Readers wishing to explore processor architecture in depth will find the Wikipedia articles on Flynn’s taxonomy, VLIW, and FPGA a reliable starting point. The standard academic reference for the field is: Hennessy, J.L. and Patterson, D.A. Computer Architecture: A Quantitative Approach. Morgan Kaufmann (6th edition, 2017). Its opening chapters on instruction-level parallelism and memory hierarchy are accessible to a determined non-specialist and repay the effort.

📎 APPENDIX: Appendix A: How Can So Much Computation Fit Into 0.05mm²?

Source: Cerebras Engineering Blog, March 2025; Cerebras WSE-3 Product Page

A natural question arises from the manufacturing yield section: if each WSE-3 core is so tiny at 0.05mm², how can it be computationally useful at all?

The answer lies in what each core is — and crucially, what it is not. A conventional CPU or GPU core is a general-purpose computing engine. It must handle any instruction a programmer might throw at it — branching logic, floating point arithmetic of many types, memory management, cache coherence, branch prediction, and dozens of other capabilities. All of that generality requires silicon area. A modern Nvidia streaming multiprocessor is large precisely because it must be flexible.

A Cerebras WSE core, by contrast, is not general purpose. Each core is independently programmable but narrowly optimized for tensor-based, sparse linear algebra operations — the specific class of matrix multiplication and addition that underpins virtually every neural network computation. It does not need branch prediction hardware, complex cache hierarchies, or the general-purpose instruction set of a CPU. It needs to multiply, accumulate, and pass results to its neighbors — and it does those three things with extreme efficiency in a very small area of silicon.

Furthermore, each core does not need to carry large local memory because the WSE-3's 44GB of on-chip SRAM is distributed evenly across the entire wafer surface, giving every core single-clock-cycle access to fast memory at extremely high bandwidth. The memory is spread uniformly — each core has just enough fast memory immediately beside it.

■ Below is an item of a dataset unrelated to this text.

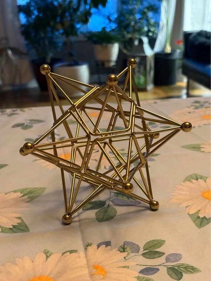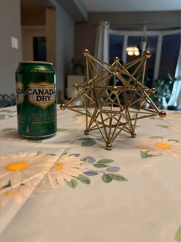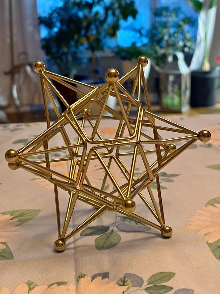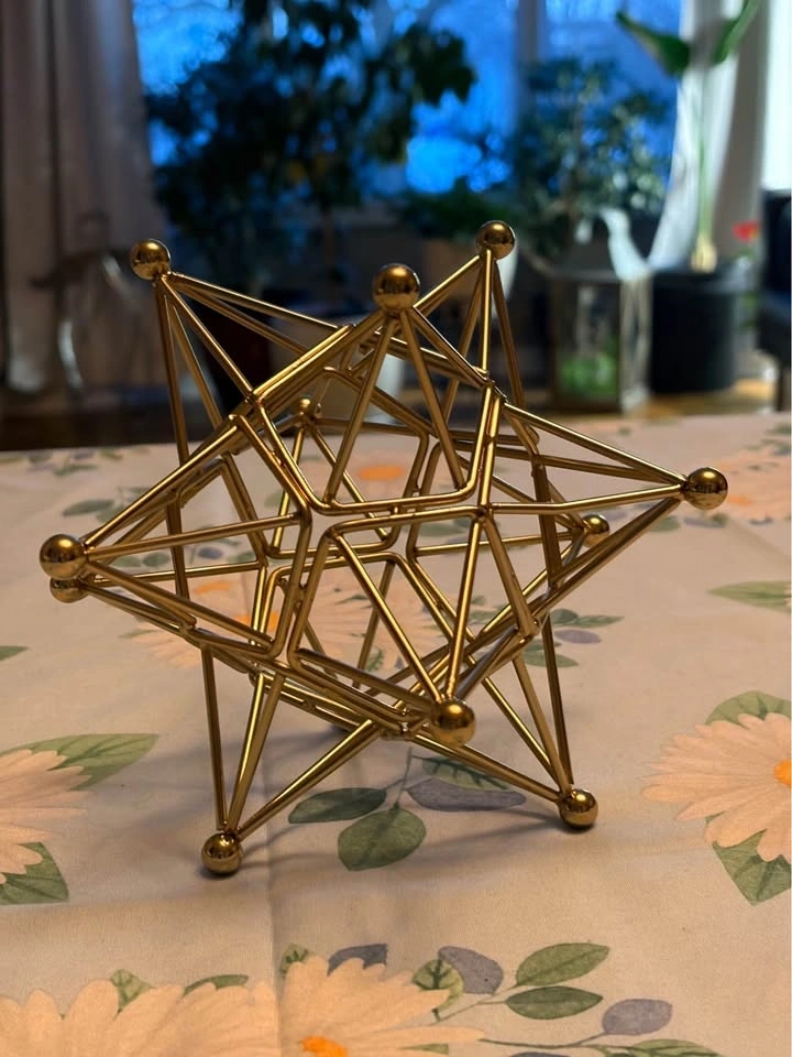 Beautiful gold-tone metal geometric star sculpture. This is a sturdy, wireframe piece perfect for a desk, bookshelf, or coffee table. Style: Modern / Mid-Century / Industrial. Condition: Excellent, like new. Size: Approx. 5-6 inches tall (see photo with soda can for scale). Originally from HomeSense. Adds a great architectural touch to any room. Pickup in Fergus.
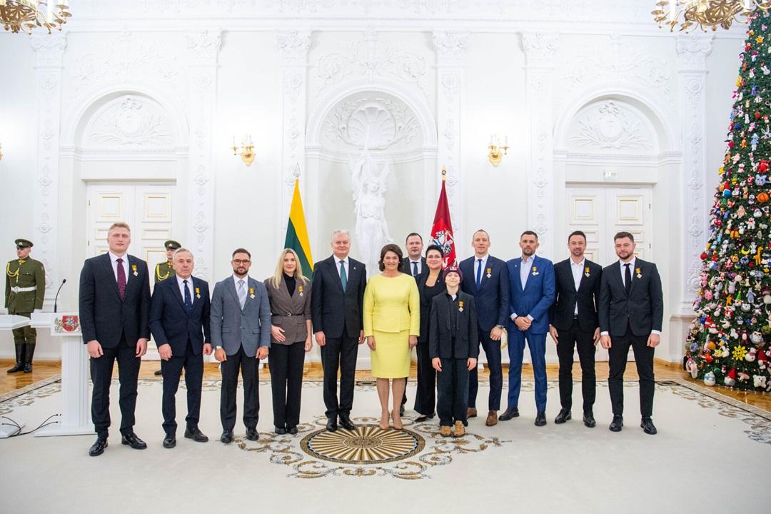Lietuvos didžiojo kunigaikščio Gedimino ordino Riterio kryžiumi apdovanoti treneriai Mantas Jusis, Algis Mečkovskis, Dainius Novickas, Karolis Sunklodas.

It is also worth noting an important distinction from conventional chip design. When a die stands alone as a conventional packaged chip, it must carry significant overhead circuitry to manage its relationship with the outside world — I/O serializers and deserializers to send data across package boundaries, memory controllers to manage the interface with external DRAM, power management circuits, error correction logic for signals traveling long distances off-chip, and interrupt controllers to communicate with the rest of the system. All of this overhead exists because a conventional chip is an island — it must manage every interaction with the world outside its package boundary.

On the Cerebras wafer, each die is not an island — it is a node in a fabric. It has direct metal connections to its neighbors through the scribe line stitching. It shares a unified power delivery system through the chip's vertical power infrastructure. It has on-chip SRAM immediately beside it. It receives control signals through the overlay network. The external world does not exist at the die level — only at the wafer level. All of that island-management overhead is eliminated, freeing silicon area for what actually matters: compute.